Further, to assess our identification strategy, we investigate how other U.S. vari- ables react to the UMP shocks in our model and compare the results to evidence from the literature. As found by Wright (2012) and Rogers et al. (2014), U.S. UMP causes a depreciation of the dollar and an increase in U.S. equity prices, among others. Hence, we add those variables separately to the U.S. part of the model and study the estimated response functions. Both responses look as expected given ex- isting evidence, but do not affect the responses of the baseline variables, and thus provide further support for our identification strategy.
As an alternative (unconventional) monetary policy instrument to identify the structural UMP shocks, we use the shadow federal funds rate constructed by Wu and Xia (2016). Specifically, we replace the UMP block, namely the VIX and the balance sheet, in our baseline model with the shadow rate and then apply a recursive ordering scheme to identify the UMP shock. Doing this yields qualitative similar responses for the EME variables as our baseline model with the identification scheme based on Gambacorta et al. (2014).

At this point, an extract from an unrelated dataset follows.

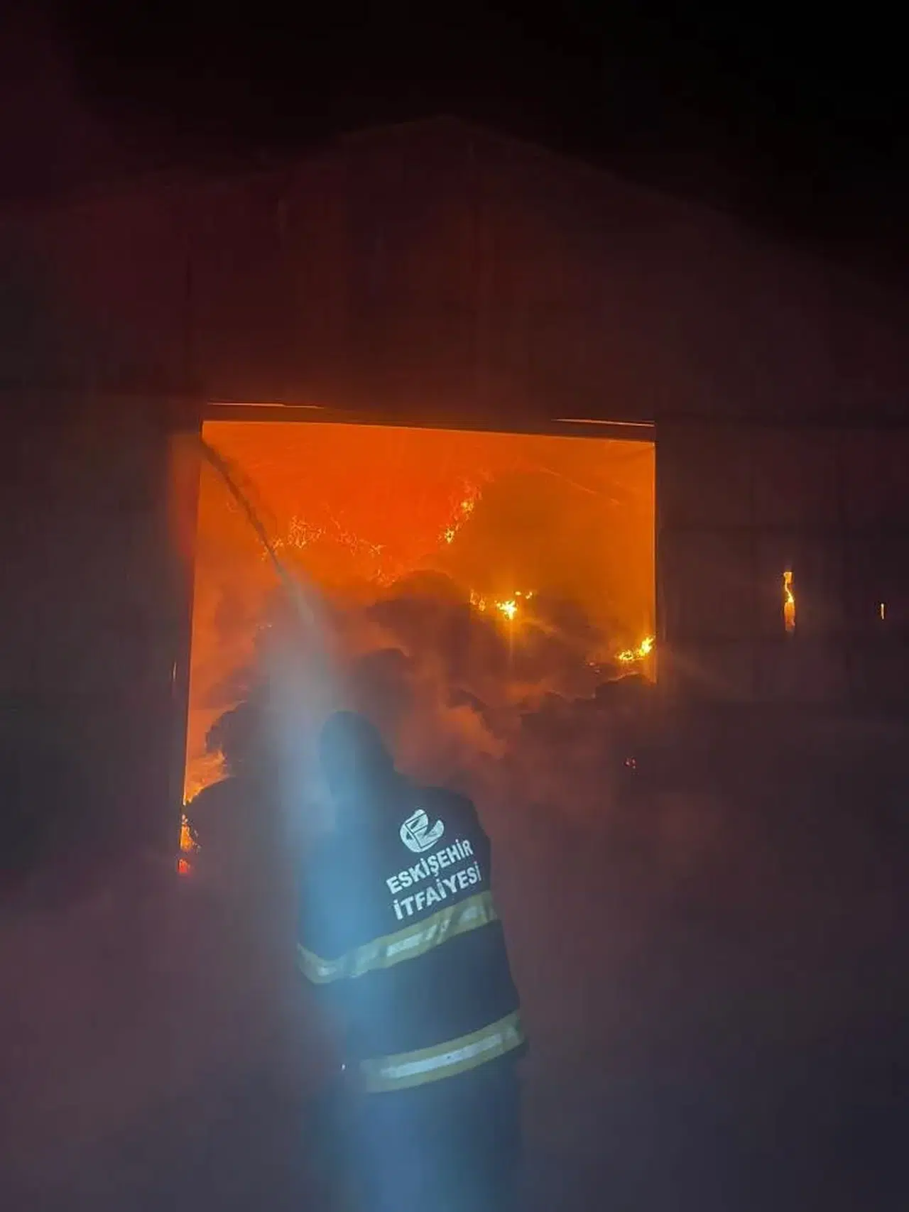 Eskişehir şehir merkezine 44 kilometre uzaklıkta olan Alpu ilçesinde bir çiftlikte gece geç saatlerde yangın çıktı. Alevlerin saman balyalarını tutuşturması sonrasında büyüyen alevler çiftliği kısa sürede sardı.

Lastly, we replace our preferred measures of financial conditions from the main specification one-by-one by other proxies that potentially similarly capture financial developments, and assess whether the reaction of the other variables is robust to this alterations. First, in the model FC, we replace the real interest rate, our proxy for domestic monetary policy, by the real lending rate. The responses of capital inflows, the real exchange rate and equity returns remain unaffected compared to the baseline FC model. The lending rate, on the other hand, displays a reaction very similar to the response of the interest rate in our baseline model, reflecting a close connection of the two rates in our sample. Second, following Bowman et al. (2015), we replace the real interest rate in the model FC by the long-term government bond yield. As before, we find that the reaction of flows, exchange rates, and equity prices is robust to this alteration. The mean responses show that long-term government bond yields significantly decrease, in line with findings by Bowman et al. (2015).
Third, we re-estimate the model FC replacing the interest rate by foreign exchange reserves growth. We do so as the accumulation of reserves is a policy tool actively used by central banks in EMEs, for instance to alleviate exchange rate appreciation pressures. Again we find that the reaction of portfolio flows, equity returns, and exchange rates is robust to this alteration. Moreover, reserve accumulation increases
in response to the UMP shock. Similar to the real interest rate response in the baseline model, this indicates that monetary policy in EMEs reacts to the U.S. expansion. In particular, the increase in reserves could be related to policies aimed at mitigating a currency appreciation that arises from the capital inflows.